General characteristics
- Class & type: Tacoma-class frigate
- Displacement: 1,264 tons
- Length: 303 ft 11 in (92.63 m)
- Beam: 37 ft 6 in (11.43 m)
- Draft: 13 ft 8 in (4.17 m)
- Propulsion: Three boilers; 2 × 5,500 SHP turbines; two shafts;
- Speed: 20 knots (37 km/h)
- Complement: 190
- Armament: 3 × 3 in/50 AA guns (3×1); 4 × 40 mm guns (2×2); 9 × 20 mm guns (9×1);; 1 × Hedgehog projector; 8 × Y-gun depth charge projectors; 2 × depth charge racks;

= USS Hingham =

US Navy frigate

USS Hingham (PF-30), a frigate, was the only ship of the United States Navy to be named for Hingham, Massachusetts. Hingham, originally designated PG-138, was launched under Maritime Commission contract by Walter Butler Shipbuilding Company in Superior, Wisconsin, on 27 August 1943, sponsored by Mrs. Katherine F. Harrington; and commissioned on 3 November 1944 after outfitting at Plaquemine, Louisiana. Her first commanding officer was Lieutenant Commander W. K. Earle, USCG.

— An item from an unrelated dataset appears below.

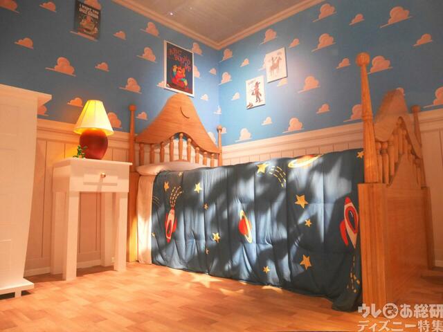 ピクサー作品でも屈指の人気を誇る『トイ・ストーリー』のお部屋では、アンディの部屋をそのまま再現。

Following shakedown training out of Bermuda, Hingham finished conversion to a weather ship at Boston, Massachusetts, and after escorting a merchant ship from NS Argentia, Newfoundland, to Boston reported on 3 January 1945 to the North Atlantic Weather Patrol. The ship then took up the arduous duties of weather patrol in the North Atlantic during winter, performing the task of reporting so vital to convoying and warship movements alike. She remained on station after the close of World War II, returning to Boston on 4 May 1946.

Hingham then sailed to Charleston, South Carolina, where she was decommissioned on 5 June 1946. The frigate was sold on 15 August 1947 to Sun Shipbuilding & Dry Dock Company of Chester, Pennsylvania, and scrapped.